Credit: DLR/ESA/NASA

Effective countermeasures are needed for astronauts to be able to live in space, on the Moon or on Mars for long periods of time in the future.

Artificial Gravity as a countermeasure (AGBRESA) is a major long-term bed-rest study that will be carried out by the German Aerospace Center (Deutsches Zentrum für Luft- und Raumfahrt; DLR), in cooperation with the European Space Agency (ESA) and NASA.

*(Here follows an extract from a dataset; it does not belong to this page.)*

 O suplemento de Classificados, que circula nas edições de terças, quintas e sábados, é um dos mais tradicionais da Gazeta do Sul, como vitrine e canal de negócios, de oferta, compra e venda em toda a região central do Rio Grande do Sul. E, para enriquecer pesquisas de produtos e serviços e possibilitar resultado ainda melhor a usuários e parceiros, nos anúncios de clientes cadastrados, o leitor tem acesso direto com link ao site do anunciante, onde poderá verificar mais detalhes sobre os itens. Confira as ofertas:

DLR’s short-arm human centrifuge.
Credit: :envihab

To be launched later this month, a first is use of artificial gravity as a possible means of overcoming the negative effects of weightlessness on the human body. The artificial gravity will be created by having the test participants lie down in the DLR short-arm human centrifuge once per day.

State-of-the-art facility

This unique research effort makes use of :envihab (from the words “Environment” and “Habitat”), a one-story, 3500-square-meter, state-of-the-art facility.

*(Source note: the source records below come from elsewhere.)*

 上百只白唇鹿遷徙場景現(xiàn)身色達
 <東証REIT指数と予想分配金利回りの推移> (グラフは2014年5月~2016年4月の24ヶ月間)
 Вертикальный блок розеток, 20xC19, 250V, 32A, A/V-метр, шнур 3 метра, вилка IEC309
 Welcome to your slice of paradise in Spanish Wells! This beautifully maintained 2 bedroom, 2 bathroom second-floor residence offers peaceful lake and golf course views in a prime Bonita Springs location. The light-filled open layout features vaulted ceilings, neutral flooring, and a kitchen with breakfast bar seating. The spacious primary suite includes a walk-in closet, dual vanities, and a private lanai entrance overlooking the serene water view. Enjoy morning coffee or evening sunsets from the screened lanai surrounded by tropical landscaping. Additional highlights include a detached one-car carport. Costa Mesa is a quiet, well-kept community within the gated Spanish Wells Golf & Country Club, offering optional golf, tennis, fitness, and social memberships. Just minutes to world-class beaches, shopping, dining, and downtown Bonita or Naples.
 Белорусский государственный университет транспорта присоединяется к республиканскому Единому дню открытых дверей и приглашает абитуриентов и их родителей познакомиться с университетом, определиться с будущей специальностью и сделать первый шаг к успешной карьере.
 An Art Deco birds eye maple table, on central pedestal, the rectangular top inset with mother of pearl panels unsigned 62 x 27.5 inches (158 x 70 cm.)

Eight separate modules are used in a “house within a house” design.

Credit: :envihab

:envihab includes a short-arm human centrifuge to, for instance, conduct cardiovascular, bone and muscle research, laboratories for studying the effects of oxygen reduction and pressure decrease on test subjects, MRI/PET analysis facilities, rooms for psychological stress simulations and rehabilitations, microbiological and molecular biological research tools, as well as places to house and monitor test subjects.

At :envihab, super-targeted research is conducted in space and flight physiology, radiation biology, space psychology, operational medicine, biomedical research and analogous terrestrial situations.